[information]Ce texte a été écrit dans le cadre du cours Écriture de fiction I (roman), donné à l’Université Laval par Gabriel Marcoux-Chabot à l’automne 2014.[/information]

Chapitre 1

Le trou dans le mur avait eu un effet différent sur chacun.

Ma mère : rouler des cigarettes à perpétuité (habitude qui refaisait surface lorsque le stress attaquait ses nerfs sensibles).

Mon père : se rabattre sur sa chaise berçante avant d’entreprendre un monologue fortifié de termes à caractère religieux.

Mes frères et sœurs : aller se vanter aux voisins qu’ils pouvaient maintenant jouer à la traverse de Lévis – Québec, c’était la rue, et Lévis, la salle à manger –, étant donné que le trou faisait toute la largeur du mur. Comme une grande bay window sans fenêtres ni rideaux pour nous séparer de l’extérieur.
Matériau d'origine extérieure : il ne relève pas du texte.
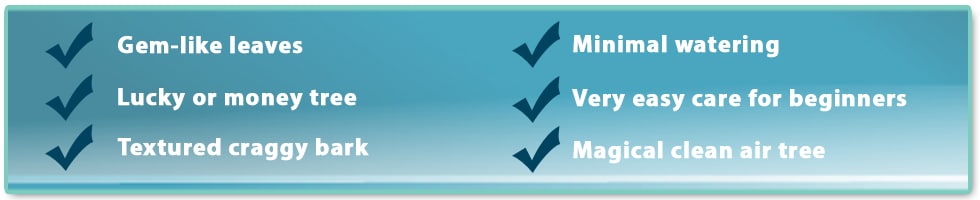 It’s also known as the lucky money tree. We think a great feature is the natural tree-like craggy bark.

J’étais trop jeune pour savoir quelle attitude j’aurais adoptée, si j’avais vraiment été là, mais assez vieux pour comprendre que le gars qui rénovait notre maison venait de perdre sa job. Ce fut une mise à pied à deux temps. En premier, l’ouvrier a dit : « Bon, ben, on va finir ça demain, j’cré ben. » Ensuite, mon père l’a regardé. Tout simplement.

Bref, ma mère en était à sa 82e cigarette quand mon père a dit :

— Claudelle, va coucher les enfants.

— Es-tu fou, toi? On dort pas icitte à soir avec un trou dans mon mur. Assez gros pour qu’un ours (prononcé sans son s) y entre à part de ça.

— Y’en a pas d’ours (prononcé avec son s). On n’est pas en plein bois, toujours. (Il a marqué une pause, le temps de laisser l’horloge sonner ses neuf coups.) Allez tous vous couchez, je vais surveiller.

— Toute la nuit? Y’en est pas question. Tu commences demain là-bas, faut que tu sois en forme.

— Tu mettras une ponce dans mon café demain, ça va compenser.

Là-bas. C’était devenu une habitude de garder secrète sa position géographique. Ma mère a soupiré.

— Paul…

Mais quand mon père avait pris une décision, on n’avait pas un mot à dire.

— OK tout le monde, a-t-il dit en tapant des mains sèchement. Dodo!

Une série d’arguments s’est ensuivie, ainsi que des « Nooon! » fabuleusement lamentés. Après les pipis, les dernières soifs, les étiquettes de bobettes qui piquent, les veilleuses et les ferme-pas-la-porte-au-complet, un silence pieux régnait dans la maison. Tout le monde dormait avec une oreille aux aguets. Au cas où un voleur dépasserait Lévis. Il n’y a que Gabrielle (qu’on appelait tous « la p’tite ») qui s’est levée pour grimper dans le lit de ma mère.

— Maman.

— …

Maaaman.

— Mm…

— J’ai peur.

— Mm?

— J’ai peur.

— Ah. Ben non, ben non. Y’en a pu de monstres. Je les ai tous balayés.

— Mais s’ils rentraient par le trou? Comme les ours (prononcé sans le s, comme sa mère).

À ce mot, ma mère a ouvert grand les yeux, mais elle s’est rapidement rassurée.

— Ben non, ben non. Ton père surveille.

— Mais si Pa s’endort?

— Il s’endormira pas.

— Mais s’il s’endort quand même?

Ma mère a regardé droit devant elle (c’est-à-dire au plafond) et a expiré longuement.

— S’il s’endort, Émile prendra la relève.

La p’tite a souri de son plus beau sourire, puis elle a silencieusement descendu la moitié de l’escalier afin d’observer un moment notre père entre deux barreaux. Pa était là où le mur n’était plus, assis sur sa chaise, la rue noire en arrière-plan. Aucune étoile pour lui servir de veilleuse. Il se tenait droit, sa carabine à plomb pas trop loin derrière. Sans même se tourner, il a dit : « Couche-toi pis dors » et la p’tite a couru à sa chambre comme si elle avait été prise la main dans la jarre à biscuits au beurre.

J’étais caché. Mieux que jamais. Pourtant, je suis certain que mon père m’a vu. Mais Pa n’a pas tenté de m’appeler. Ni de me dire de revenir à la maison, sur-le-champ, pis ça presse, et qu’est-ce qui m’avait donc pris de partir sans dire bonsoir à personne, d’ailleurs? Il m’a semblé, à cet instant, qu’il comprenait. Car sous la mince lueur du lampadaire grésillant de papillons de la rue Gendron, mon père m’a souri.